Most of us will agree the older we get the faster time flies. James says our lives are not only exceedingly brief but exceedingly precarious. He writes, “Now listen, you who say, ‘Today or tomorrow we will go to this or that city, spend a year there, carry on business and make money.’” He then expresses the folly of that thought, “Why, you do not even know what will happen tomorrow” (James 4:13-14).
What James is saying is that we make our plans as though our lives are never ending and as if we are in charge. The Bible talks quite a bit about the brevity of life. Job 7:7 says, “…my life is but a breath.” Psalm 102:3 says, “For my days vanish like smoke...” Moses gives a remarkably accurate comment on the average lifespan that still exists today. He says, “Our days may come to seventy years, or eighty, if our strength endures…” (Psalm 90:10).
Nothing wakes us up to what is important in life than when we are facing death. No one on their deathbed says, “I wish I had spent more time in the office.” Someone else once said, “If you live each day as if it was your last, one day you will be right.” We are not privy to when that day comes, but the truth is we do not know how to live well until we know how to face death.
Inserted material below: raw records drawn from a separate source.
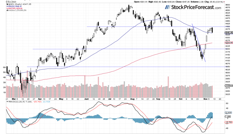 The S&P 500 index lost 0.81% on Thursday as it bounced from 4,400 level. Stocks retraced some of their recent advances following 30y bond auction results, Jerome Powell’s speech, among other factors. Yesterday’s daily low was at 4,343.94 and earlier in the day the S&P 500 reached new local high of 4,393.40. It was very close to mid-October high of 4,393.57. Investors’ sentiment remains positive despite a lot of uncertainty about monetary policy, economic growth and geopolitics. Last week the index rallied from October 27 local low of 4,103.78.
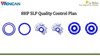 The document outlines a quality control plan for the 8hp SLP process, detailing responsibilities, key dates, and necessary inspections for defect detection. It includes implementation steps for establishing independent inspection areas and standardizing inspection processes to ensure high quality before shipment. Additionally, it mentions resource planning for personnel training and equipment required for effective execution of the plan.
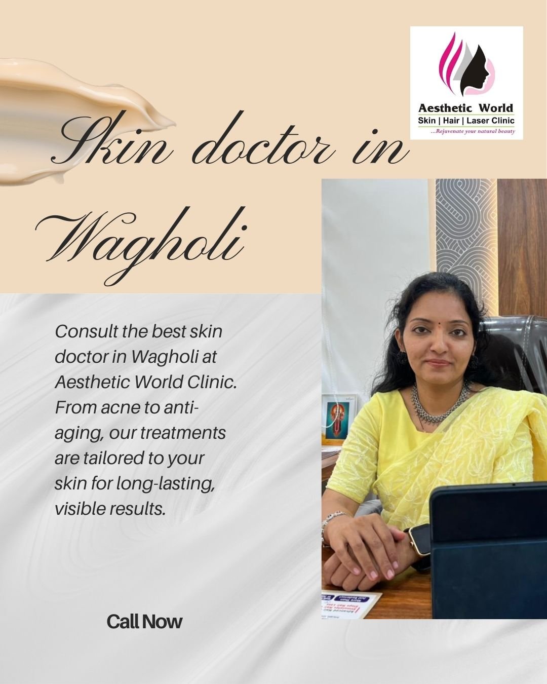 Aesthetic World Clinic, located in Wagholi, Pune, has become a trusted name for advanced skin, hair, and laser treatments. As the best skin and hair clinic in the Wagholi, the clinic offers a comprehensive range of services tailored to address various concerns such as acne treatment, hair loss, and skin rejuvenation. Dr. Swati Phalle, the best dematologist in Wagholi and an expert trichologist and cosmetologist, is renowned for her expertise in treating skin and hair issues, offering personalized care for both men and women. The clinic specializes in a wide range of services including effective acne & pimple treatments, advanced laser skin treatments, PRP therapy for hair restoration, and cutting-edge hair loss solutions. Whether you're seeking non-invasive procedures like HydraFacial, laser hair removal, or acne scar and stretch mark removal, Dr. Swati's clinic provides state-of-the-art treatments to help you achieve flawless skin and hair. With a focus on advanced techniques, the clinic also offers effective treatments for hair thinning in both women and men, ensuring comprehensive care for all your aesthetic needs. If you're looking for the best skin and hair specialist in Pune, or the best skin and hair clinic near Kharadi, Dr. Swati’s Aesthetic World is your go-to destination for all your skin and hair concerns. Whether it's laser hair removal treatment, hair fall and regrowth treatment, or an advanced acne treatment plan, the clinic is dedicated to providing holistic solutions to help you achieve your aesthetic goals and maintain long-term skin and hair health. The clinic’s advanced therapies and expert care make it the top choice for individuals searching for high-quality skin and hair care services in Pune.

C.S. Lewis once said, “There are, aren’t there, only three things we can do about death: to desire it, to fear it, or to ignore it.” The gospel of Jesus Christ actually encourages us to desire it, and it is the fool who ignores it. Though we do not usually like to talk about death, we need to be ready for it practically, emotionally and spiritually, and there is no better way than to have the mindset of Paul: “…to die is gain” (Philippians 1:21).
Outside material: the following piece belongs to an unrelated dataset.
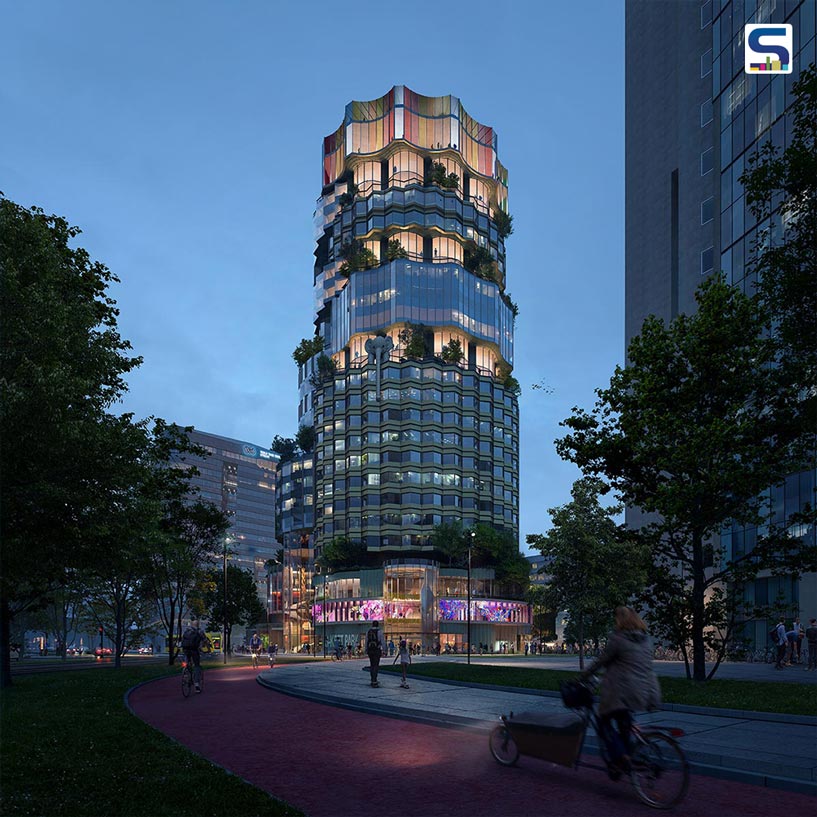 UK practice Heatherwick Studio and Dutch studio Barcode Architects have recently unveiled the design of Oopen- which is said to be the first net Zero mixed-use high-rise building at Utrecht's city centre in the Netherlands. The structure consists of a series of stacked cylindrical forms topped with landscaped terraces. With its unique faceted glass facades, the building design stands out against its surroundings. Read more about the project below at SURFACES REPORTER (SR):

Until that day comes, how do we live this life? James 4:15 tells us, “Instead, you ought to say, ‘If it is the Lord’s will, we will live and do this or that.’” “If it is the Lord’s will…” is the key, because the Lord does have a will for our lives. The two letters DV, commonly used for digital video, is actually Latin for Deo volente, which means “God willing.” This avoids the folly of thinking we can create our own destinies and are somehow invincible. As Christians, our lives have been surrendered to Jesus Christ, and whether we live to be 20, 40, 70 or 90 years of age is not going to make a difference when we arrive in heaven. Our lives belong to Jesus. We are in His hands and His will prevails.
Prayer: Lord God, forgive me for thinking that I am in control of this life. Help me to live with the mindset of Deo volente, remembering that You are ultimately in control. Thank You, Lord.